When using Spotlight on Windows to diagnose a server, the following warning may be given:
<process> has a virtual address space of <greater than 2000.00> MB. This is close to the Windows two gigabyte address space limit. Medium Processes (Virtual Address Space).
Where <process> is the process using the virtual address space and where <greater than 2000.00> MB is the amount of virtual address space, greater than 2GB, being using by the process.
This alarm becomes active when a process approaches the two gigabyte virtual address space limit imposed by Windows. Processes attempting to exceed this limit may fail catastrophically. Any process that approaches this limit should be closed to free the address space and then restarted if required.

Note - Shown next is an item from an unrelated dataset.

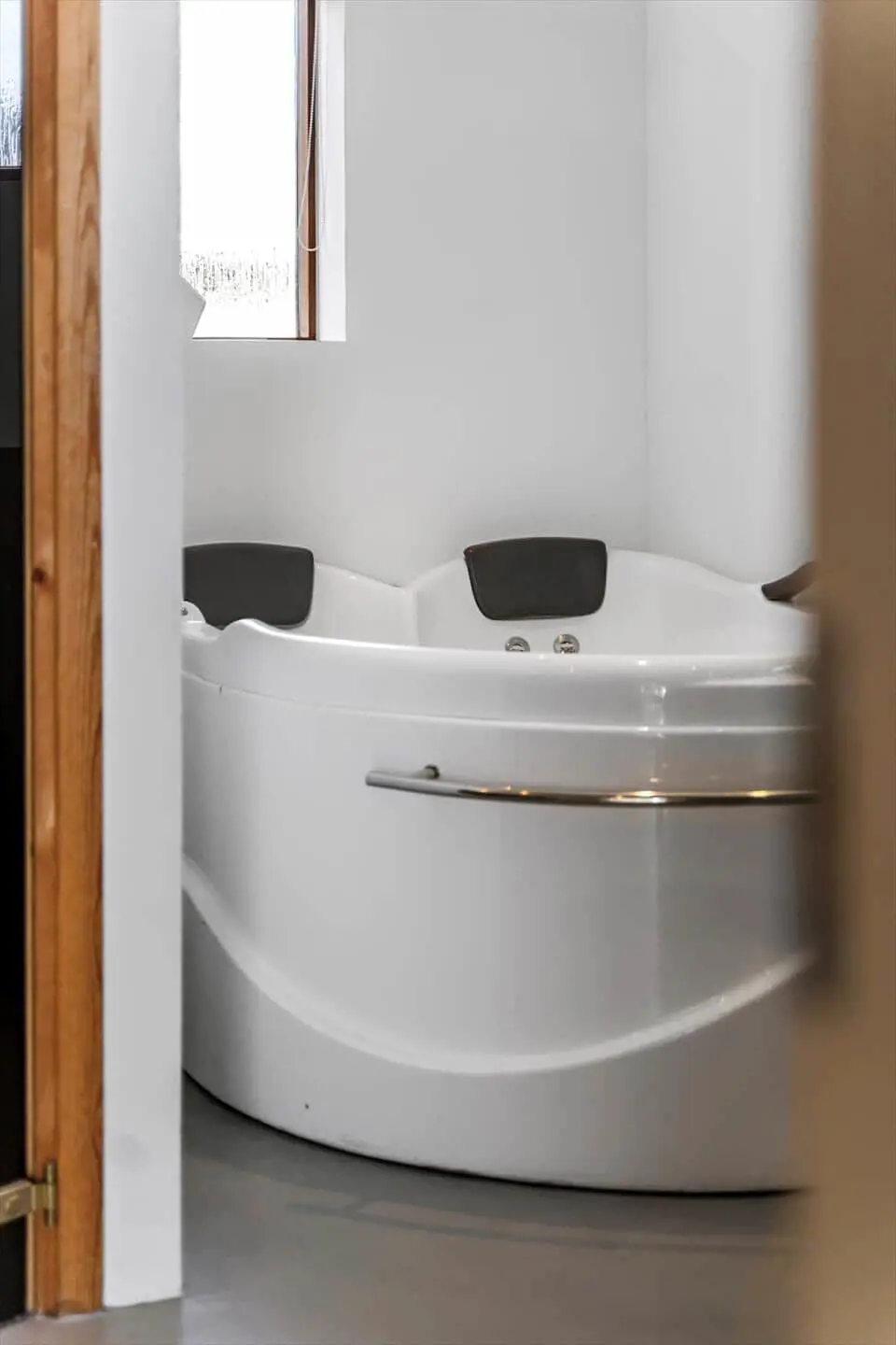 Alle drei Schlafzimmer und die zwei Badezimmer sind auf den zwei Etagen des Hauses verteilt. Die Schlafzimmer sind alle mit Doppelbetten und TV eingerichtet und eines der Badezimmer wurde mit einem Whirlpool und einer Sauna ausgestattet.

Regardless of the amount of physical memory in your system, Windows uses a virtual address space of 4 GB, with 2 GB allocated to user-mode processes (for example, applications) and 2 GB allocated to kernel-mode processes (for example, the operating system and kernel-mode drivers).
NOTE: Some versions of Windows Server allow users to change this ratio to 3 GB for user-mode and 1 GB for kernel-mode processes via the /3GB switch in boot.ini. Versions that support this switch are:
Windows 2000 Advanced Server
Windows 2000 Datacenter Server
Windows Server 2003 Enterprise Edition
Windows Server 2003 Datacenter Edition.
Windows Server 2003 x64 Editions do not support the /3GB switch. On these systems:
32 bit processes compiled with the /LARGEADDRESSAWARE switch can increase their virtual address space limit to 4GB
64 bit processes can access up to 8TB of virtual address space.
Thus this alarm is disabled for 64 bit systems.